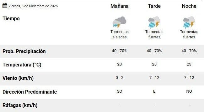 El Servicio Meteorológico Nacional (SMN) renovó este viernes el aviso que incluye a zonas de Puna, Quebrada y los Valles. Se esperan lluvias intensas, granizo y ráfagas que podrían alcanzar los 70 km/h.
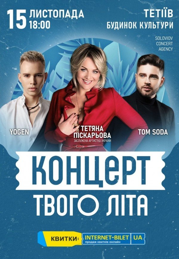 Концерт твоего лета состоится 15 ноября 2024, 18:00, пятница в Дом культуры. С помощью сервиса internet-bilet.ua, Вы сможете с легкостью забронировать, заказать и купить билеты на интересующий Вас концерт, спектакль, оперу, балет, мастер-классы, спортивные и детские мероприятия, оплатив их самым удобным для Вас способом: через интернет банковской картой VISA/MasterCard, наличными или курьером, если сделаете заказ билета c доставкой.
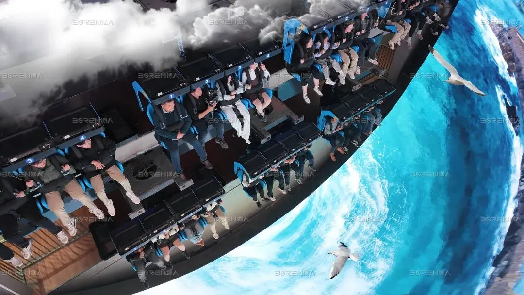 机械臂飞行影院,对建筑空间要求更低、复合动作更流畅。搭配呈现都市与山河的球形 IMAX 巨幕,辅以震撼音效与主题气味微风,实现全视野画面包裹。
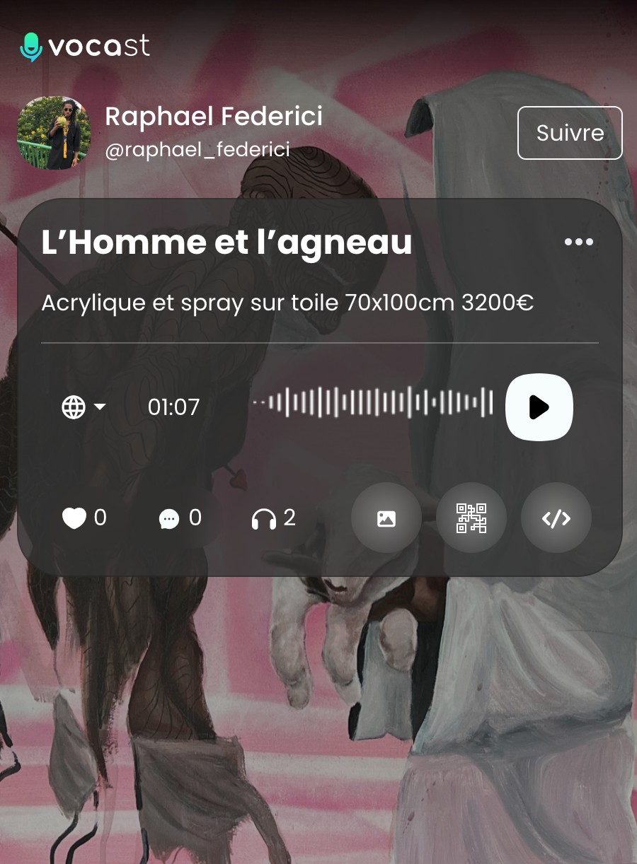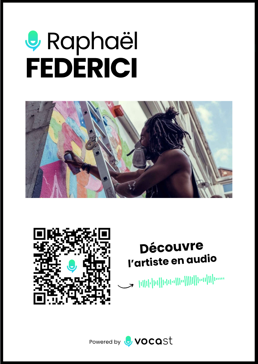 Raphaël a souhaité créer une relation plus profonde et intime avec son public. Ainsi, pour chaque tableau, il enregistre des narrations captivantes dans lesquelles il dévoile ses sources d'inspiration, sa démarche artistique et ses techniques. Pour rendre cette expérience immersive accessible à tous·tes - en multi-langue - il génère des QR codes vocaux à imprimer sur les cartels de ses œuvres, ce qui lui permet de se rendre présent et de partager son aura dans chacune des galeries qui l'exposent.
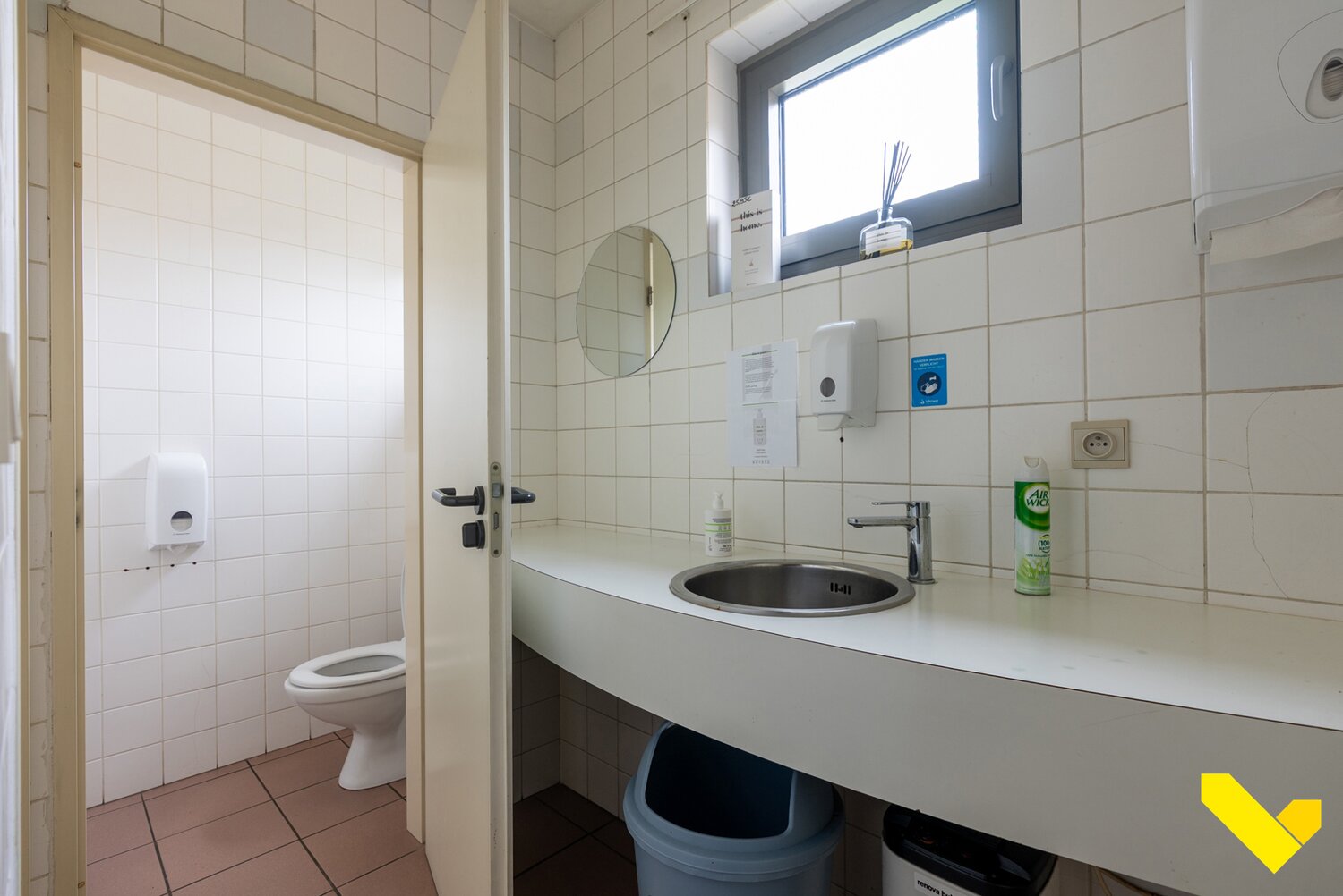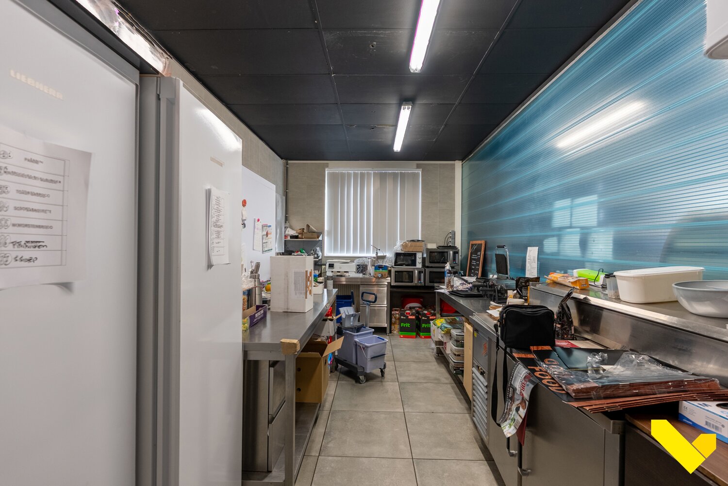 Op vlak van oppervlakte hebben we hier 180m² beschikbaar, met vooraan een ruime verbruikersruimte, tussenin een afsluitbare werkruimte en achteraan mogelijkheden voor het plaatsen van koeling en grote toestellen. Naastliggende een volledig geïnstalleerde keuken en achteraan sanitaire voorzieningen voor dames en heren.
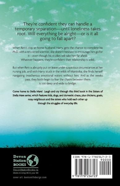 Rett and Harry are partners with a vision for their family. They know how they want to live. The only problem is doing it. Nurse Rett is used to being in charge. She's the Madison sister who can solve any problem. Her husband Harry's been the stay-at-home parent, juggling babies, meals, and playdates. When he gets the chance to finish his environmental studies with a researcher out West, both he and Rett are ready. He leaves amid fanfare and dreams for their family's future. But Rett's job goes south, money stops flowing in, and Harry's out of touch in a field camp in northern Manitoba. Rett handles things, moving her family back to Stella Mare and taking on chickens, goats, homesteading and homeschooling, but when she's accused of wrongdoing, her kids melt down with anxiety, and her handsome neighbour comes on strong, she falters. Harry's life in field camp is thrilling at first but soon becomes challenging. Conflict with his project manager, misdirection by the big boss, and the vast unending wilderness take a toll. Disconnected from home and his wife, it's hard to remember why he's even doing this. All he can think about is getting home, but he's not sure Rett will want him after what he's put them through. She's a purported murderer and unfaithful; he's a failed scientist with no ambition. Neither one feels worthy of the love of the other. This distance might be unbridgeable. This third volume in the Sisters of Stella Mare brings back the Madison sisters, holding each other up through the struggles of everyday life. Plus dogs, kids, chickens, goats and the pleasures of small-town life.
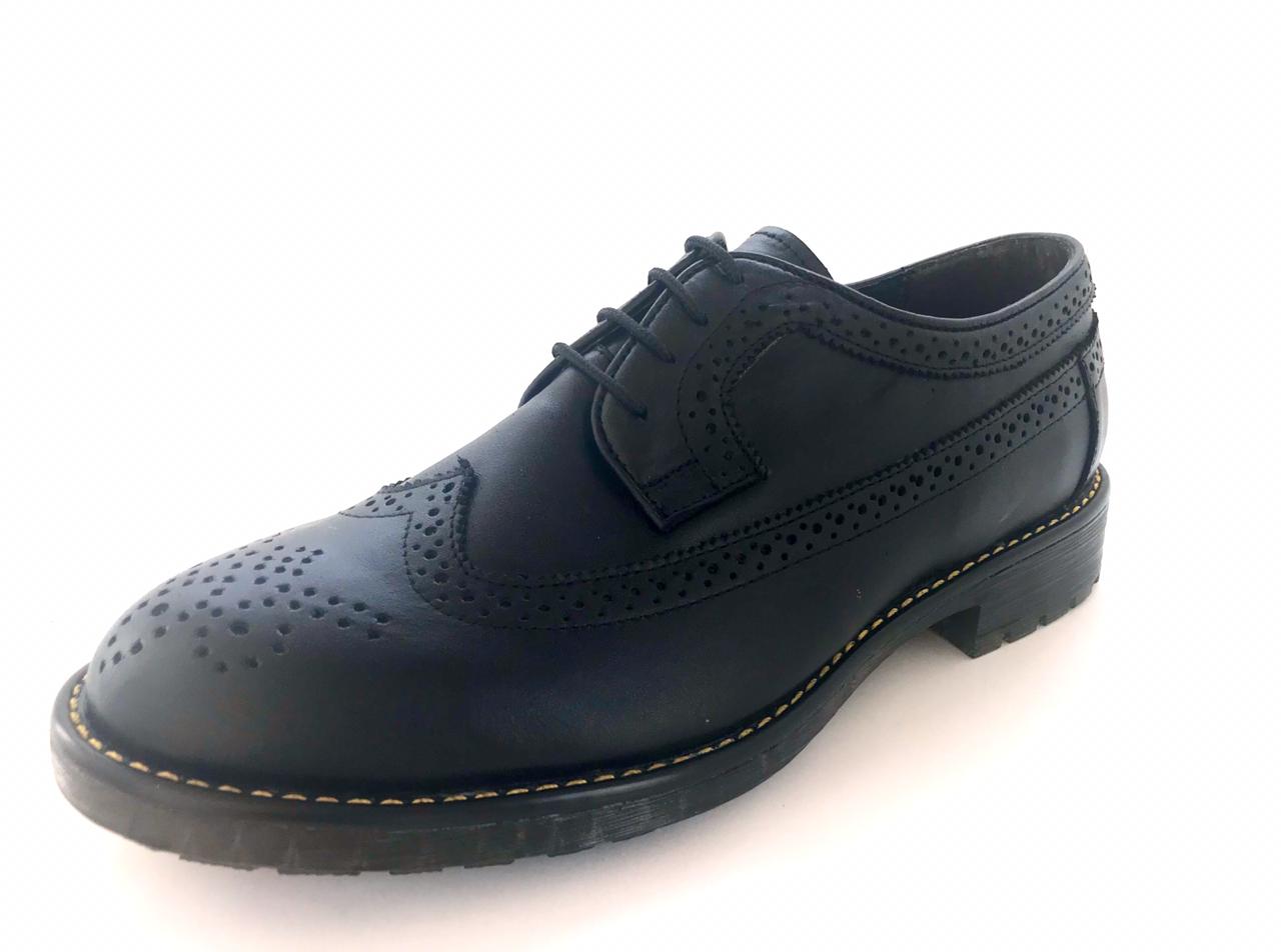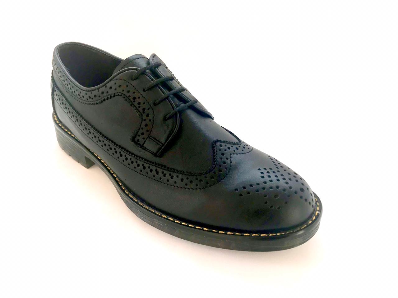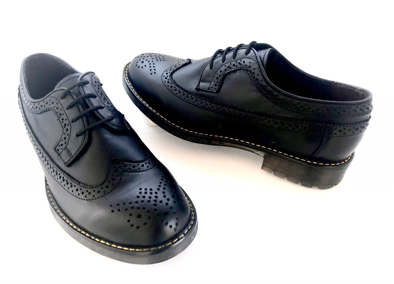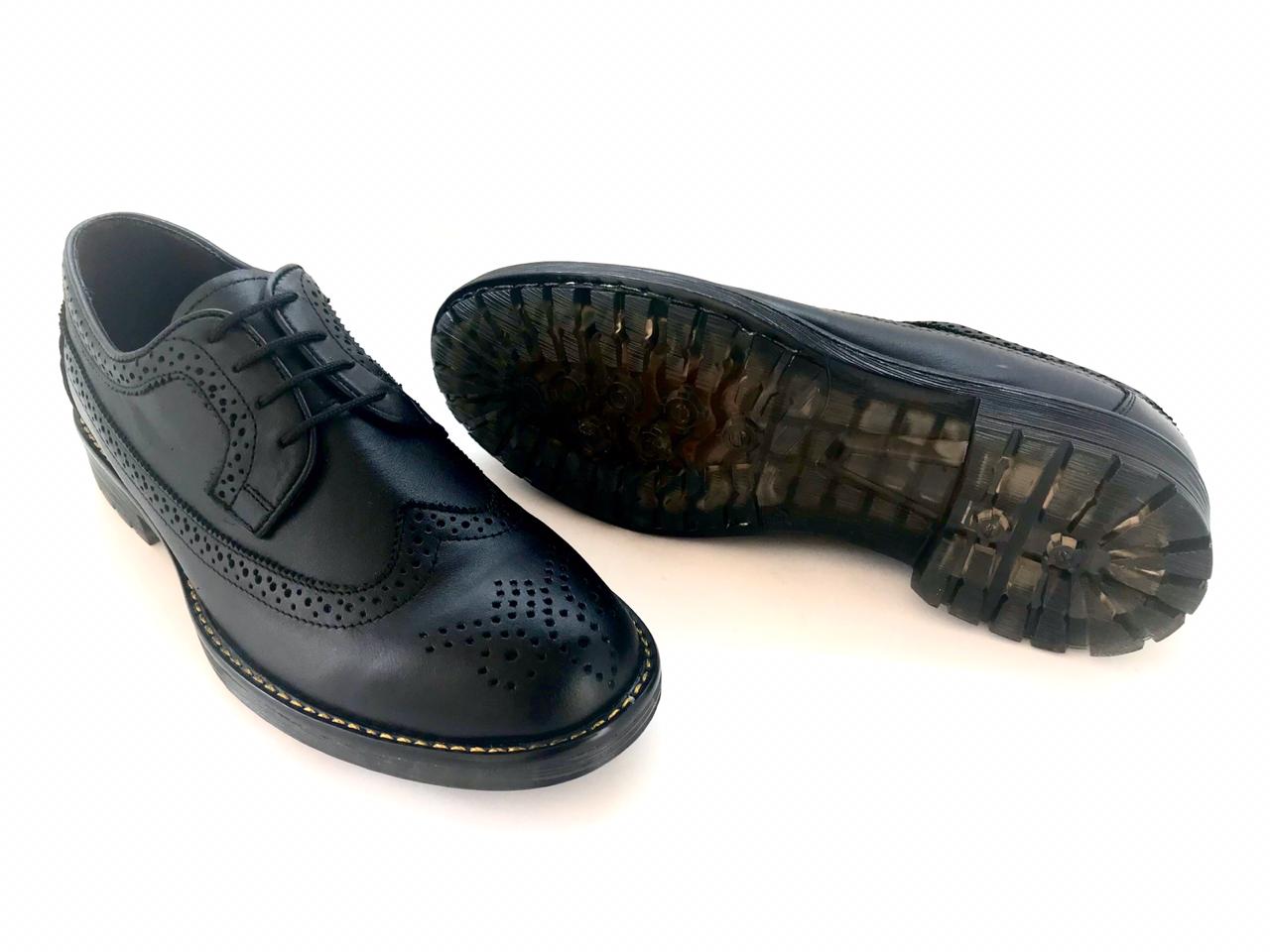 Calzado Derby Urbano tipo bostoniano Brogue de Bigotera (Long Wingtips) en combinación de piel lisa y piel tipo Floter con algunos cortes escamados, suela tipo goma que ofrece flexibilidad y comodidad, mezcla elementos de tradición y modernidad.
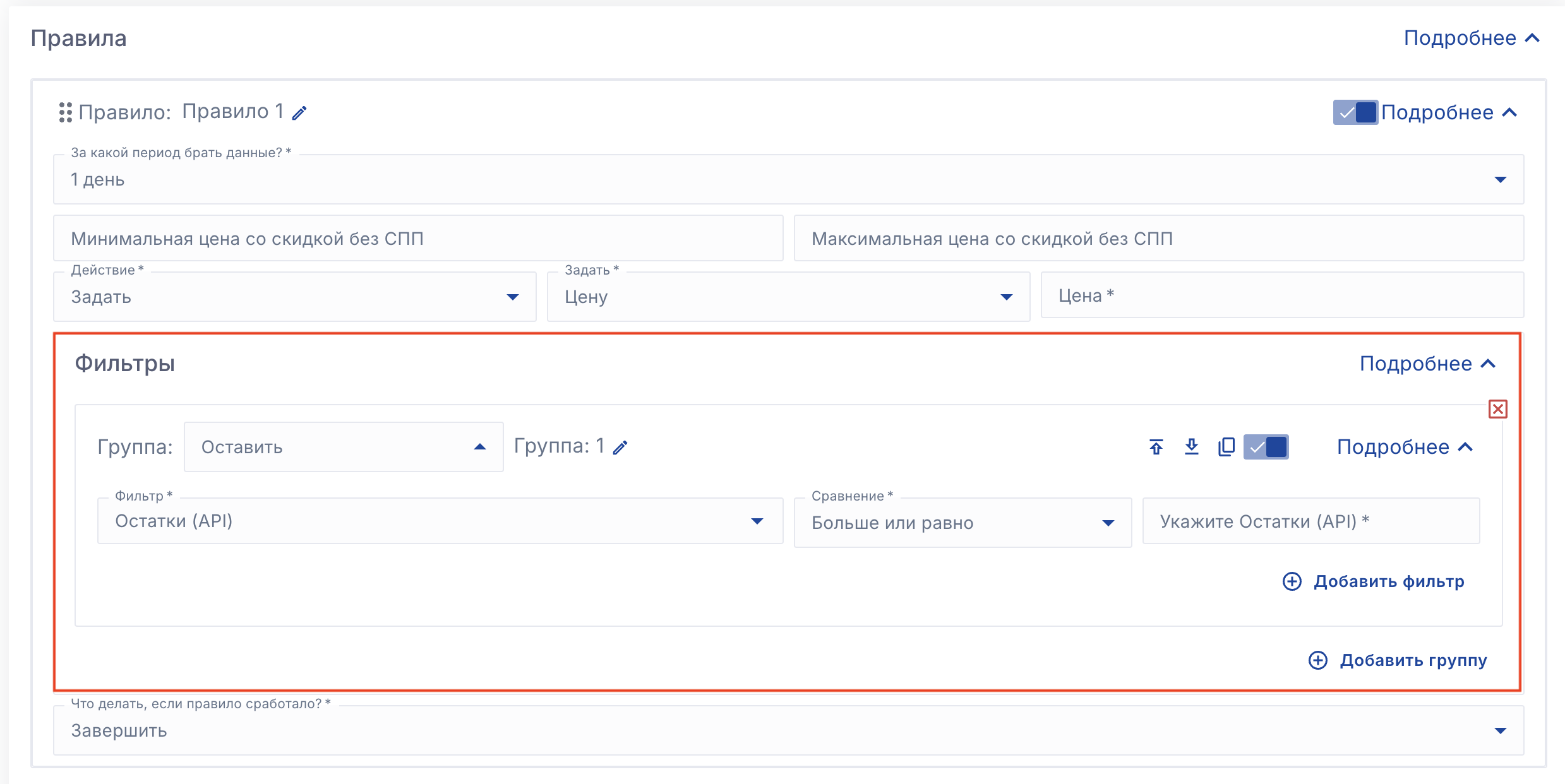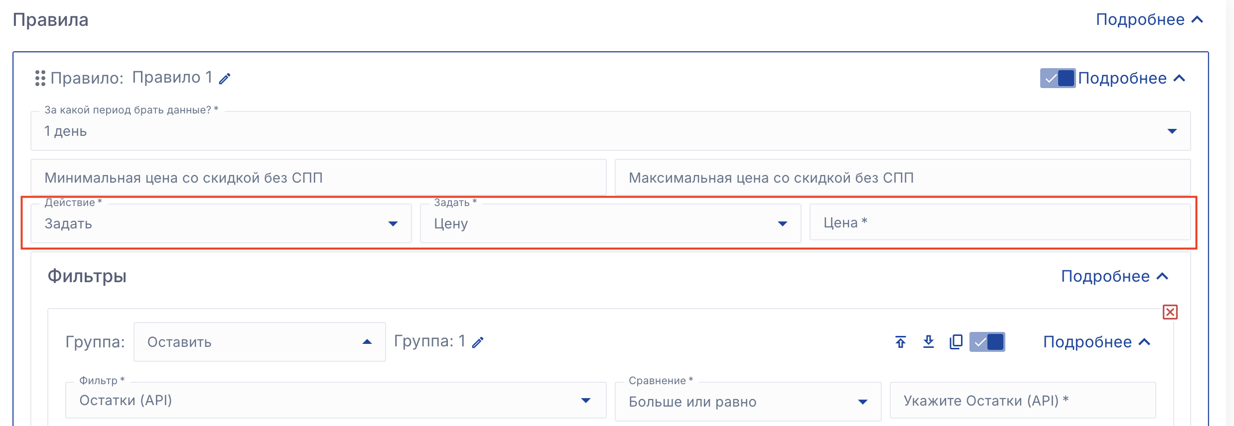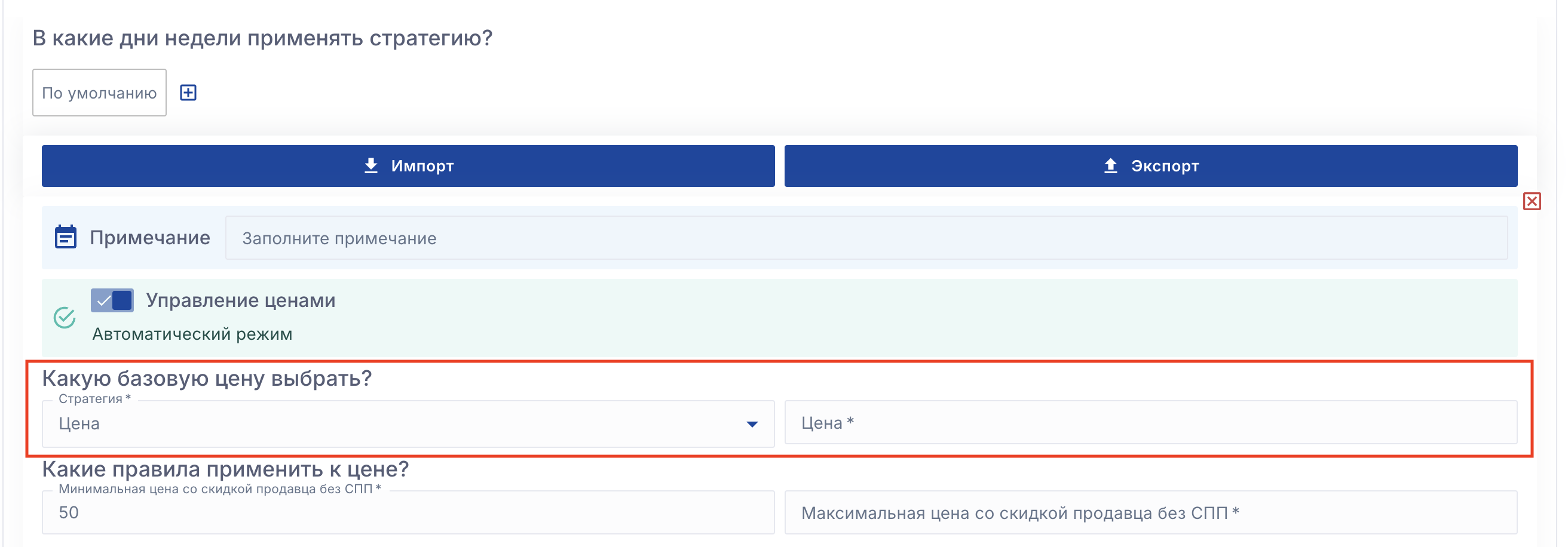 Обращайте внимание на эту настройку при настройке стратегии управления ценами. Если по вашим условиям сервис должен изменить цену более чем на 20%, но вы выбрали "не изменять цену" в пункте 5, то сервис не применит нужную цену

★ ★ ★ ★

**DESCRIPTION OF THE TASK**
Nothing but the records above, exact and without pictures, should appear in the answer.

**TASK RESULT**
 El Servicio Meteorológico Nacional (SMN) renovó este viernes el aviso que incluye a zonas de Puna, Quebrada y los Valles. Se esperan lluvias intensas, granizo y ráfagas que podrían alcanzar los 70 km/h.
 Концерт твоего лета состоится 15 ноября 2024, 18:00, пятница в Дом культуры. С помощью сервиса internet-bilet.ua, Вы сможете с легкостью забронировать, заказать и купить билеты на интересующий Вас концерт, спектакль, оперу, балет, мастер-классы, спортивные и детские мероприятия, оплатив их самым удобным для Вас способом: через интернет банковской картой VISA/MasterCard, наличными или курьером, если сделаете заказ билета c доставкой.
 机械臂飞行影院,对建筑空间要求更低、复合动作更流畅。搭配呈现都市与山河的球形 IMAX 巨幕,辅以震撼音效与主题气味微风,实现全视野画面包裹。
 Raphaël a souhaité créer une relation plus profonde et intime avec son public. Ainsi, pour chaque tableau, il enregistre des narrations captivantes dans lesquelles il dévoile ses sources d'inspiration, sa démarche artistique et ses techniques. Pour rendre cette expérience immersive accessible à tous·tes - en multi-langue - il génère des QR codes vocaux à imprimer sur les cartels de ses œuvres, ce qui lui permet de se rendre présent et de partager son aura dans chacune des galeries qui l'exposent.
 Op vlak van oppervlakte hebben we hier 180m² beschikbaar, met vooraan een ruime verbruikersruimte, tussenin een afsluitbare werkruimte en achteraan mogelijkheden voor het plaatsen van koeling en grote toestellen. Naastliggende een volledig geïnstalleerde keuken en achteraan sanitaire voorzieningen voor dames en heren.
 Rett and Harry are partners with a vision for their family. They know how they want to live. The only problem is doing it. Nurse Rett is used to being in charge. She's the Madison sister who can solve any problem. Her husband Harry's been the stay-at-home parent, juggling babies, meals, and playdates. When he gets the chance to finish his environmental studies with a researcher out West, both he and Rett are ready. He leaves amid fanfare and dreams for their family's future. But Rett's job goes south, money stops flowing in, and Harry's out of touch in a field camp in northern Manitoba. Rett handles things, moving her family back to Stella Mare and taking on chickens, goats, homesteading and homeschooling, but when she's accused of wrongdoing, her kids melt down with anxiety, and her handsome neighbour comes on strong, she falters. Harry's life in field camp is thrilling at first but soon becomes challenging. Conflict with his project manager, misdirection by the big boss, and the vast unending wilderness take a toll. Disconnected from home and his wife, it's hard to remember why he's even doing this. All he can think about is getting home, but he's not sure Rett will want him after what he's put them through. She's a purported murderer and unfaithful; he's a failed scientist with no ambition. Neither one feels worthy of the love of the other. This distance might be unbridgeable. This third volume in the Sisters of Stella Mare brings back the Madison sisters, holding each other up through the struggles of everyday life. Plus dogs, kids, chickens, goats and the pleasures of small-town life.
 Calzado Derby Urbano tipo bostoniano Brogue de Bigotera (Long Wingtips) en combinación de piel lisa y piel tipo Floter con algunos cortes escamados, suela tipo goma que ofrece flexibilidad y comodidad, mezcla elementos de tradición y modernidad.
 Обращайте внимание на эту настройку при настройке стратегии управления ценами. Если по вашим условиям сервис должен изменить цену более чем на 20%, но вы выбрали "не изменять цену" в пункте 5, то сервис не применит нужную цену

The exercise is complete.